In the past such finely divided ion exchange materials have been produced by grinding or otherwise physically reducing the size of ion exchange particles produced by conventional processes involving the separate steps of polymerization--most commonly suspension polymerization--and functionalization.
Schultz and Crook (I & EC Product Research and Development, Vol. 7, pp. 120-125, June, 1968) have produced particles of ground ion exchange resin with average diameters of one micron or smaller, but the particles are not spherical, and the range of diameters within a given sample of such materials is large, i.e., the particles are not uniformly sized. Even though large particles may constitute only a small fraction of the total number of ground particles, they represent a much larger fraction of the sample weight. As a result, such ground resins exhibit settling of a significant fraction of the ion exchange material weight from aqueous suspension.
Suspension polymerization involves suspending droplets of organic liquid containing monomers, polymerization initiators and suspension stabilizers in an aqueous-phase medium. The droplet size, largely a function of agitation rate, controls the final polymer particle size, which normally ranges down to about 40 micrometers, although sizes down to 5 micrometers (U.S. Pat. No. 3,357,158) or 10 micrometers (U.S. Pat. No. 3,991,017) have been disclosed. Ion exchange materials have also been produced by bulk polymerization. Physically reducing the particle size of such polymers in bulk or bead form to sub-micron sizes is difficult and expensive, and produces material with undesirable physical characteristics such as irregular particle shape and broad particle-size distribution. It may also produce undesirable heat degradation of the resin.
Sub-micron sized, spherical polymer particles have been prepared in the past, including some with limited ion exchange functionality. These particles were prepared from monomers which contained ion exchange functional groups, such as acrylic and methacrylic acid, or dialkylaminoalkyl acrylates and methacrylates. In most cases the polymerization reaction used was emulsion polymerization. Thus Haag et al (U.S. Pat. No. 3,847,857) used ". . . from 5 to 70% by weight . . . of one or more monomers containing an amine or quaternary ammonium group . . . " (column 2, lines 56-59) in forming a functional, crosslinked emulsion ion exchange resin for use in paints and other coatings. Rembaum et al (U.S. Pat. No. 3,985,632) similarly prepared chromatographic adsorbents by emulsion polymerizing monomer mixtures containing minor amounts of monomers with amine functionality (column 5, lines 25-46). Fitch (U.S. Pat. No. 3,104,231) used up to 15% by weight of monomers containing carboxylic acid groups when preparing crosslinked emulsion copolymers. He cautions that higher content of such monomers leads "to either solubility of the copolymer in water or dilute alkali or significant swelling of the copolymer in such aqueous media." (column 6, line 70-column 7, line 4).

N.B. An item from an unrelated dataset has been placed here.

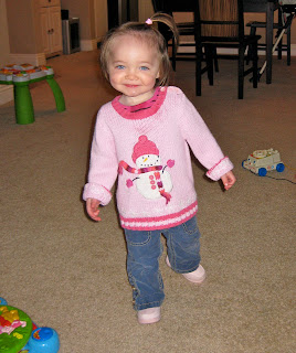 So far, this is my favorite age! Rachel is still not talking but does a lot of babbling, especially if she's on the phone (toy phone that is). She understands a lot of what we say to her and sometimes I feel like she just thinks we are big dorks and is too smart for us. If you ask to see her belly button she will pull up her shirt and point to it, so cute. She likes to hide under a towel and pop out only after you shout, "Where is Rachel?" She hates to be told "no" and will scream and yell at you if you dare do. Rachel has all of her teeth now but still doesn't eat much, mostly fruit and yogurt. She loves playing at the park and can climb all the way up to the slide by herself, turn around so she is on her belly and slide down. Her favorite is still the swing though. She is walking like a champ, very steady and graceful, most of the time. She likes to take all of her toys and put them over the safety gate in our den where she can't get to them, this doesn't make sense to us but it seems to be part of her master plan. Rachel LOVES going to music class every week and learning new songs and checking out the instruments. She still loves water and looks forward to her bath every night, she likes to take my hand and walk me down the hall to the bathroom, this means it's bath time. Rachel loves to laugh, it's her favorite, she will even force a laugh to get our attention. She is a funny, sweet, loving, beautiful little girl and I'm the luckies mommy in the world!

Hatch (U.S. Pat. No. 3,957,698) describes a precipitation polymerization for making crosslinked, spherical ion exchange resin particles in a size range similar to that of emulsion polymer particles. The precipitation process inherently produces larger particles, in the range of 0.1-10 micrometers (compare 00.01-1.5 mm for emulsion polymerization), and involves the precipitation of polymer particles from a monomer-solvent solution in which polymer is insoluble. In emulsion polymerization the monomer is only slightly soluble in the solvent, and the polymer particles are formed when monomer-swollen soap mycelles contact solvent-phase-initiated polymer chains. Hatch mentions that "suitable micro bead resins can be prepared by suspension or emulsion polymerization . . . " He then describes suspension polymerization but fails to indicate any detail of an emulsion polymerization process (column 3, lines 30-40). The ion exchange microbeads of Hatch are weak acid resins made from carboxylic acid monomers such as acrylic or methacrylic acid, although the use of esters of these acids is mentioned, with hydrolysis subsequent to polymerization. Hatch exemplifies the preparation of a microbead from vinylbenzyl chloride (Example 4), but the particle size (3-7 microns) is clearly outside the range of the present invention, and no attempt is made to impart ion exchange functionality to the microbead itself until it has been incorporated in an ion exchange resin matrix. Hayward (U.S. Pat. No. 3,976,629) also prepared weakly acidic cation exchange resins of a size "less than 20 microns" using a modified suspension polymerization and carboxylic acid monomers.
Tamura (Nippon Kagaku Kaishi 76 (4), pages 654-8, 1976) discloses the preparation of strongly acidic cation exchange resin material from emulsion copolymers. Tamura coagulated styrene-divinylbenzene copolymer emulsions and functionalized them with fuming sulfuric or chlorosulfuric acids. He subsequently mixed the coagulum into a polypropylene membrane, but did not teach that the coagulum might be re-emulsified.